Il y a une chose que l’on oublie parfois avec l’affaire Dreyfus : c’est qu’elle dure longtemps. Divisant la France à l’orée du XXe siècle, elle survit à trois présidents de la République, et une dizaine de présidences du Conseil. Ce n’est pas une “polémique” qui vient et qui s’en va, comme une démangeaison, mais un épisode long et fondateur, qui se joue sous les yeux du monde, tant la presse étrangère en est friande. “Un pays qui se déchire pour sauver l’honneur d’un petit officier juif est un pays où il faut aller rapidement”, avait coutume de dire le grand-père d’Emmanuel Levinas, en roulant les r depuis sa Lituanie natale.

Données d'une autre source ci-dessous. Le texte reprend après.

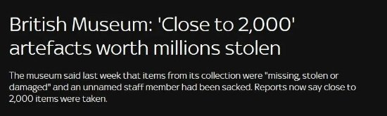 去年八月,大英博物馆大量文物被盗,据《每日电讯报》透露,总丢失文物远超1000,接近2000,价值无可估量。

Pour beaucoup de juifs de l’Est rêvant de quitter leurs contrées menaçantes, la France devient alors “la patrie de Zola”. Son “J’accuse” publié par L’Aurore, titré par Clemenceau, connaît un retentissement mondial. Avant, déjà, l’écrivain avait troussé des textes magnifiques, charriant les multiples dimensions de l’affaire naissante. Dans sa Lettre à la jeunesse, le 14 novembre 1897 : “Des jeunes gens antisémites, ça existe donc, cela ? Il existe donc des cerveaux neufs, des âmes neuves, que cet imbécile poison a déséquilibrés ?” Dans sa Lettre à la France, quelques jours plus tard : “France, réveille-toi, songe à ta gloire. Comment est-il possible que ta bourgeoisie libérale et ton peuple émancipé ne voient pas, dans cette crise, à quelle aberration on les jette ?” Lors de son procès, enfin, en février 1898, l’écrivain exhortera à dépasser le cas particulier, pour voir la question de principe : “Il n’y a plus d’affaire Dreyfus, il s’agit désormais de savoir si la France est encore la France des droits de l’homme, celle qui a donné la liberté au monde et qui devait lui donner la justice. […] L’heure est d’une gravité exceptionnelle, il s’agit du salut de la nation.”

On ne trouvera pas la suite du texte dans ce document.